Севастополь. Сборник литературно-художественных произведений о героической обороне и освобождении го - Петров Евгений Петрович - Страница 17
- Предыдущая
- 17/123
- Следующая
— Товарищ политрук, что-то вижу.
— Что?
— Не могу разобрать.
Фильченков и бойцы выглянули из-за бруствера. Они увидели нечто странное: два черных ручья ползли с высоты в долину.
— Овцы это, овцы, товарищ политрук! — крикнул Одинцов.
— Это что еще за трюк? — недоумевающе глядя на командира, спросил Цибулько.
— Все ясно, — ответил Фильченков, — гитлеровцы гонят впереди себя овец, хотят атаковать нас, прикрываясь ими.
— В плен брать надо только овец, отправим в Севастополь, — улыбаясь, заметил Паршин.
Стадо приближалось. Овцы заполнили все пространство впереди. Одна часть их шла прямо на рубеж Фильченкова и его бойцов. — Цибулько, пулемет!
— Есть пулемет, товарищ политрук!
— Изготовиться к стрельбе, приготовить гранаты!
Николай различил за черной массой овечьих тел серо-зеленые мундиры. Гитлеровцы, низко пригибаясь, бежали, едва поспевая за тонконогими перепуганными овцами.
— Цибулько! — крикнул политрук. — Огонь!
Пулемет хлестнул меткой уничтожающей струей. Овцы шарахнулись в стороны, обнажив прятавшихся за ними фашистов. Те бросились вперед, к позициям моряков.

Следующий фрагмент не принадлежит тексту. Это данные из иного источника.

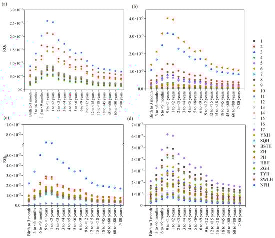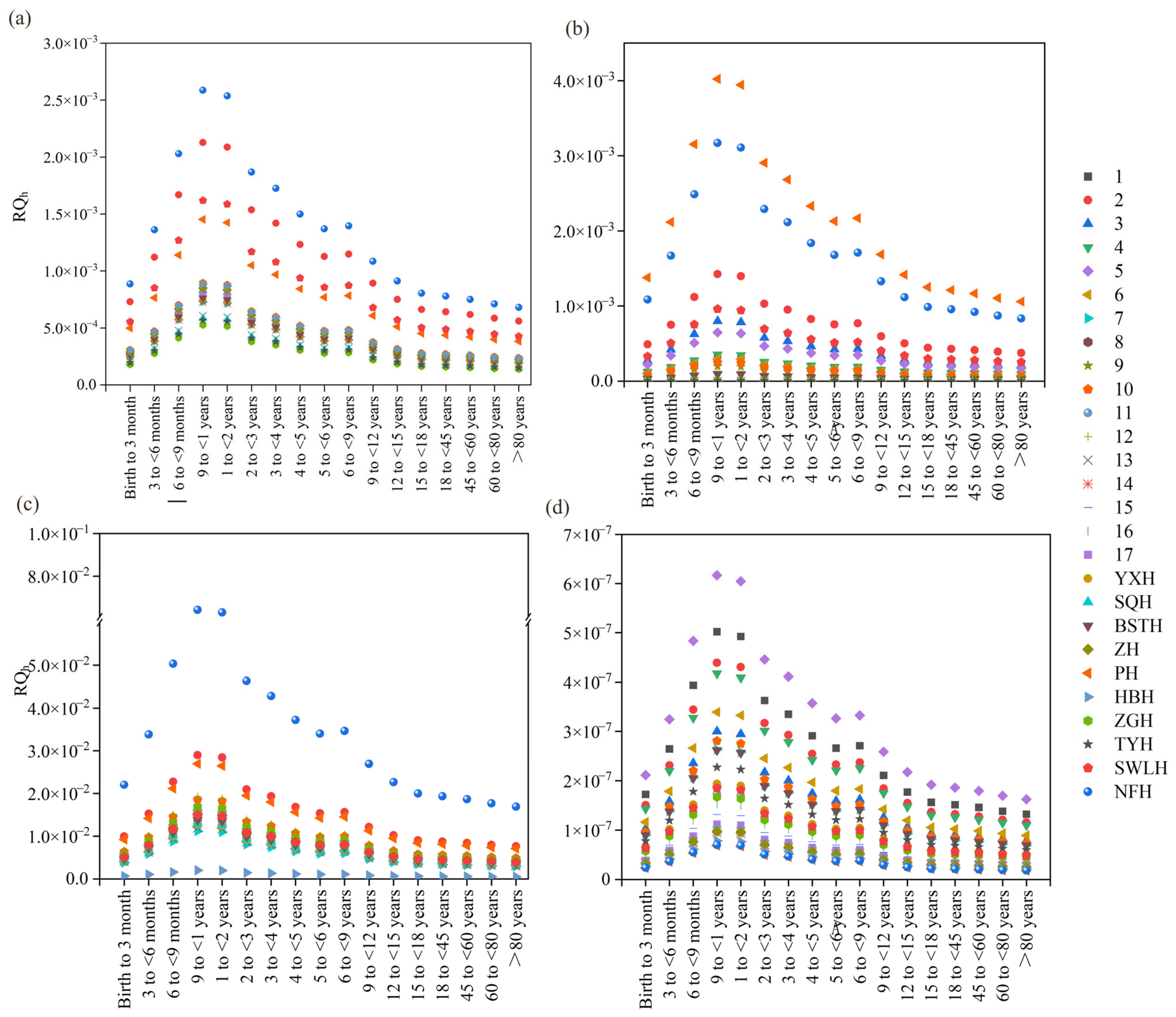 Human health risks of the four biocides (CBD, CLI, FCZ, and MP) were assessed using a risk evaluation model (Tables S8–S11) [50]. The results indicated that the RQh for CBD, CLI, and MP across all sampling sites and for all age groups were below 0.01, suggesting negligible human health risks (Figure 6). However, at the NFH sampling site, the RQh values of FCZ for all age groups ranged between 0.01 and 0.1, with an RQh of 0.06 observed for infants aged 9–12 months and 1–2 years (Figure 6). For infants aged 9–12 months and 1–2 years, the proportions of RQh at 0.01–0.1 for FCZ were 48.1% and 31.0%, respectively, whereas for other age groups, the proportions were below 15%. All the ROh of CBD, CLL, MP and FCZ were less than 1, indicating no significant health risk.
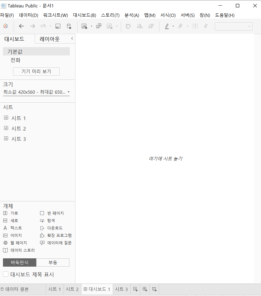 * 태블로 대시보드는 워크시트를 추가하기 전 가로 및 세로 개체로 툴을 만들어 놓아야 한다. 이러한 틀을 미리 만들어 놓지 않으면 워크시트가 많아질수록 대시보드를 구성하기 어렵다.
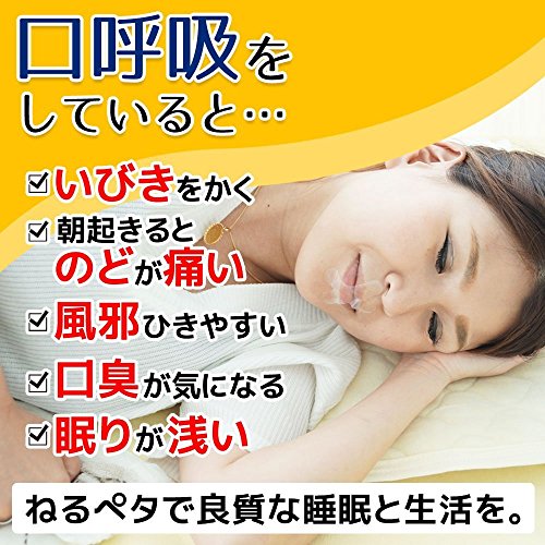 "Rough hard to adopt a friendly adhesive to the skin. "Peeling hardly feel it does Mase stuffiness over longer periods of time because there is a soft ♪ ventilation hole. In addition, inconspicuous also stuck because it is clear type! Staying and travel, you can use without worrying about even in such as sleep on the move! Children as well as adults we can use it. It is mouth closed tape encourage nose breathing. Reduce or bad breath of snoring, cold prevention and more! Body size: W32mmxH50mm number of sheets: 1 sheet (two) x15 sheet (30 sheets) Material: polyethylene originally not in the (ventilation machined) ※ medical equipment, our bodies are designed to make breathing through the nose modern more than half of Japanese have a mouth breathing. Mouth is in for a meal and conversation, not the place suck the air. It will adversely affect the mouth breathing cause. Total wager even one any of the following may you also have unconsciously mouth breathing? - or snoring during sleep, resulting in the bruxism. · Morning happens when the throat is sore and dry, catch a cold easily, bad breath and tooth decay, periodontal disease is fatigue because of the shallow-sleep anxious can not be recovered. Resulting in a doze. Total wager even one be you also have a mouth breathing? "Mouth breathing prevention tape of the special structure to firmly support the nose breathing. "A closed mouth with a cross-like shape and keep until morning. Firmly fit on the lips because it uses a soft material that effective against stretch! Paste easy Pitatto a thin, less discomfort even after the stretched tension comfort ◎! Smell do not mind! Since that stick to the bottom of the nose will interfere with sleep in the mood to have a strong smell. Neru you can sleep because Peta is not worried less smell. [From the mouth and breathing healthy sleep by changing to nose breathing life! ] Do not start sleep and comfortable life in the nose breathing tape you also sleeping capitalists to promote nose breathing? Important to characterize nose breathing habits. It sticks habit of nose breathing to sleep continue to paste the about three weeks capitalists. (There are individual differences ※.) The first time because it contains 30 times and about one month worth of sleeping capitalists who are Let's try First one month! Initially, there is a sense of incongruity, but you gradually get used. Neru time you do not want to use the capitalists to make sure you never miss another aware of the nose breathing! unisex! It is mouth closed tape encourage nose breathing. Reduce or bad breath of snoring, cold prevention and more! Body size: W32mmxH50mm number of sheets: 1 sheet (two) x15 sheet (30 sheets) Material: polyethylene (already ventilation processing) ※ It is not a medical device
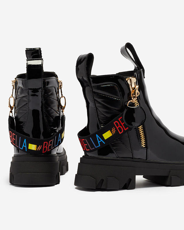 • Boots on a thicker sole made of ecological leather, have a delicate warming in the form of fur. The model is fastened with a zipper. The upper decorated with a detachable strap. BLACK WOMEN'S BOOTS ECO LEATHER PATENT OSALLU
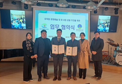 광주 서구 유덕동 행정복지센터는 지난 15일 서구 강산아트홀1관에서 청년기업 ㈜강산인더스트리(대표 신범식)와 마을 문화예술활동 지원 및 BI(Brand Identity) 사업 공동추진을 위한 업무협약을 체결했다.

— Бить гранатами! — скомандовал политрук и первым бросил гранату. Но морякам помешали овцы. Обезумевшие от грохота боя, они повернули на высоту и, прыгая через окопчик моряков, устремились на противоположные скаты. Цибулько стал стрелять по овцам, чтобы разогнать их и дать возможность товарищам бросать гранаты во врагов. Овцы в страхе шарахнулись назад, сбивая гитлеровцев с ног. Фильченков заметил замешательство противника, выскочил из окопа, метнул в фашистов одну за другой несколько гранат. За Фильченковым на бруствер окопа выскочили остальные, стали забрасывать врагов гранатами.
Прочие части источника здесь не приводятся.